[EXERCISE DATA]
★ ★ ★

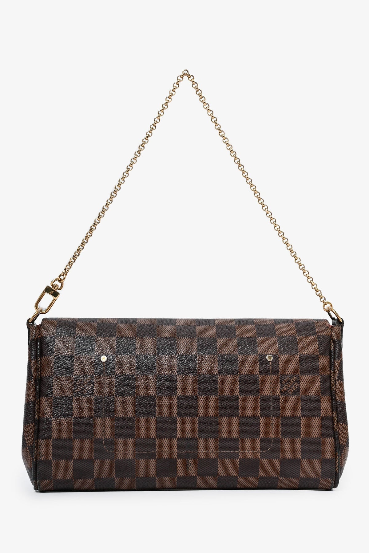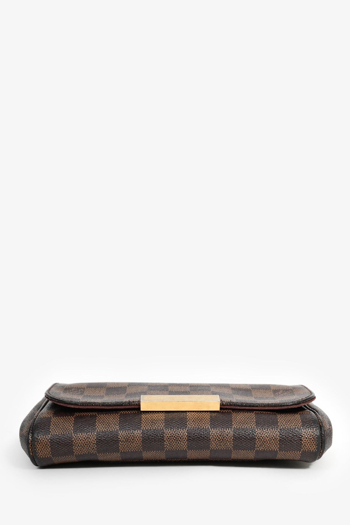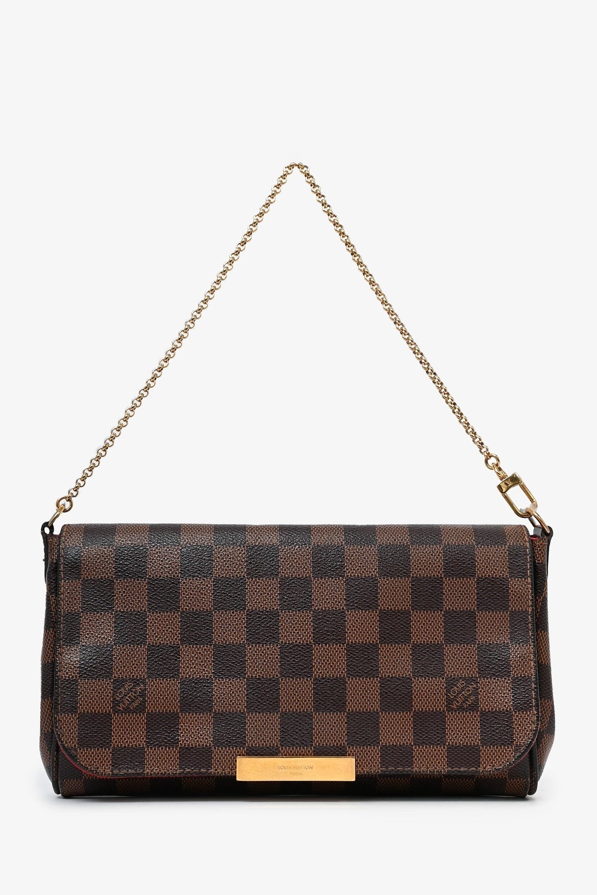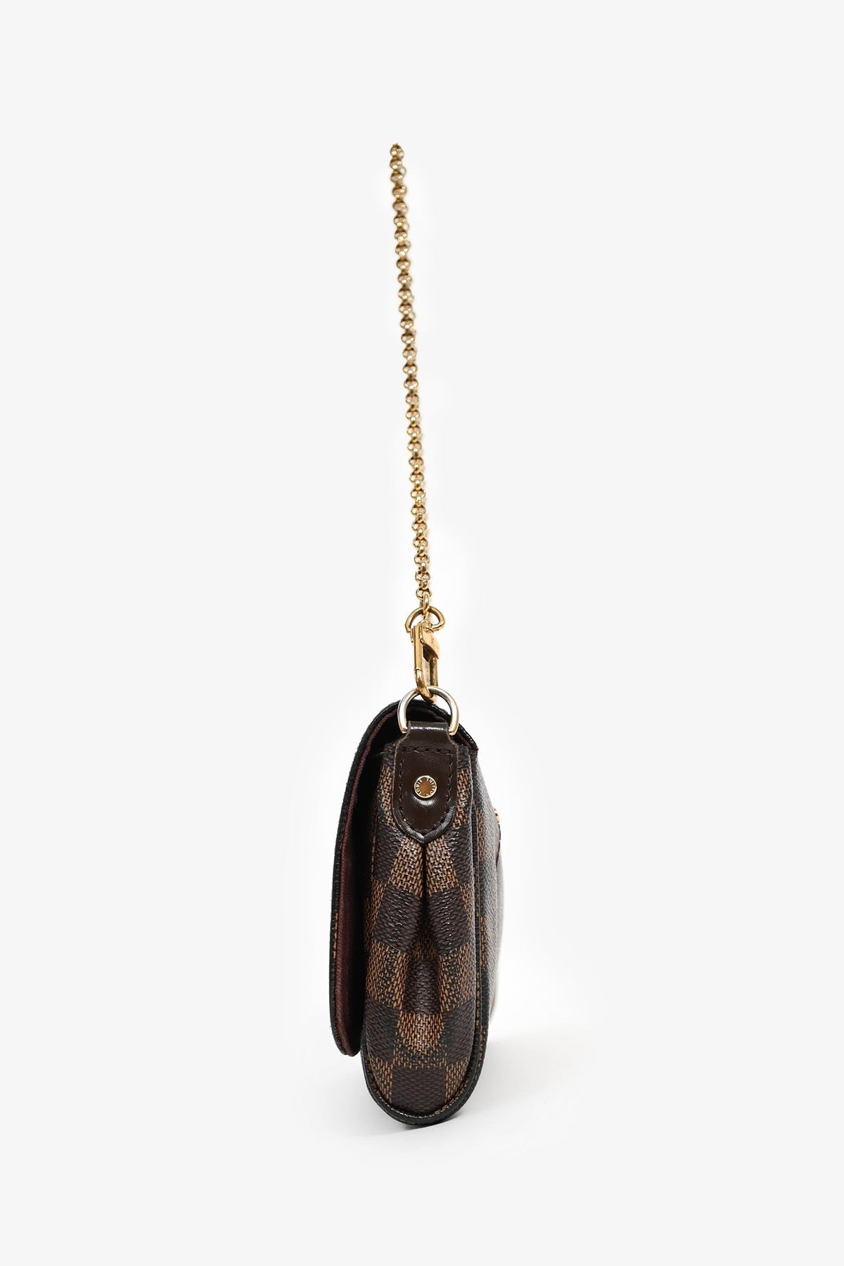 Louis Vuitton 2014 Damier Ebene Favorite Pochette on Chain. Fold-over flap with a magnetic closure. Gold-tone hardware. Coated Damier Ebene canvas. Chain-link shoulder strap. Coated trimming. Lined interior with a wall pocket. Comes with an attachable strap. Tonal stitching.
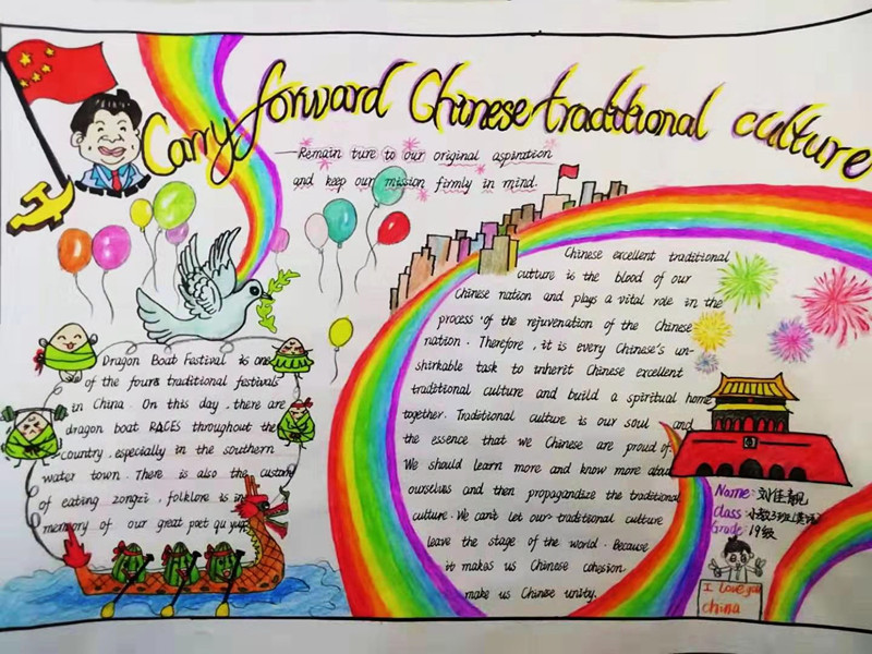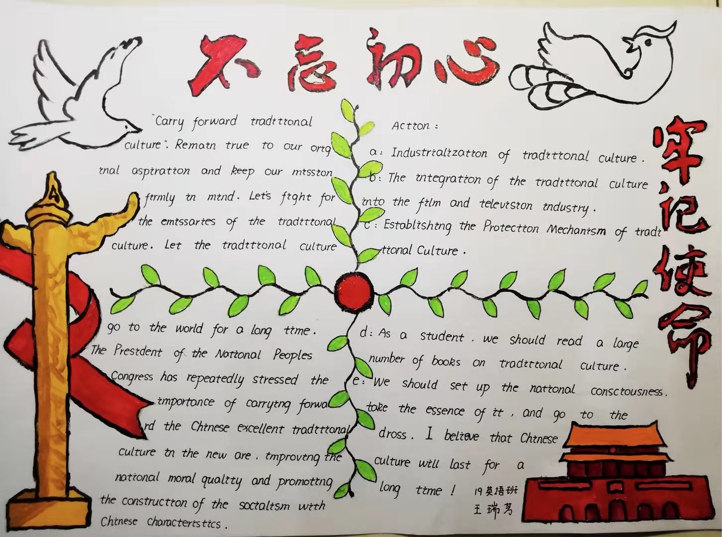 為推進“不忘初心、牢記使命”主題教育進一步深入,激發學生守初心、擔使命的責任感,11月8日——11月12日,外國語學院于都林樓舉辦了“不忘初心、牢記使命”之弘揚傳統文化主題手抄報活動,活動共征集到21幅手抄報作品。
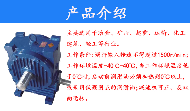 主要適用于冶金、礦山、起重、運(yùn)輸、化工、建筑、輕工等行業(yè)。工作條件:蝸桿輸入轉(zhuǎn)速不超過(guò)1500r/min;工作環(huán)境溫度為-40~40℃,當(dāng)工作環(huán)境溫度低于0℃時(shí),啟動(dòng)前潤(rùn)滑油必須加熱到0℃以上,或采用低凝固點(diǎn)的潤(rùn)滑油;減速器可正、反雙向運(yùn)轉(zhuǎn)。

★ ★ ★

[EXERCISE PROMPT] Copy the data above word for word. Pictures stay out.

[EXERCISE OUTPUT]
 Louis Vuitton 2014 Damier Ebene Favorite Pochette on Chain. Fold-over flap with a magnetic closure. Gold-tone hardware. Coated Damier Ebene canvas. Chain-link shoulder strap. Coated trimming. Lined interior with a wall pocket. Comes with an attachable strap. Tonal stitching.
 為推進“不忘初心、牢記使命”主題教育進一步深入,激發學生守初心、擔使命的責任感,11月8日——11月12日,外國語學院于都林樓舉辦了“不忘初心、牢記使命”之弘揚傳統文化主題手抄報活動,活動共征集到21幅手抄報作品。
 主要適用于冶金、礦山、起重、運(yùn)輸、化工、建筑、輕工等行業(yè)。工作條件:蝸桿輸入轉(zhuǎn)速不超過(guò)1500r/min;工作環(huán)境溫度為-40~40℃,當(dāng)工作環(huán)境溫度低于0℃時(shí),啟動(dòng)前潤(rùn)滑油必須加熱到0℃以上,或采用低凝固點(diǎn)的潤(rùn)滑油;減速器可正、反雙向運(yùn)轉(zhuǎn)。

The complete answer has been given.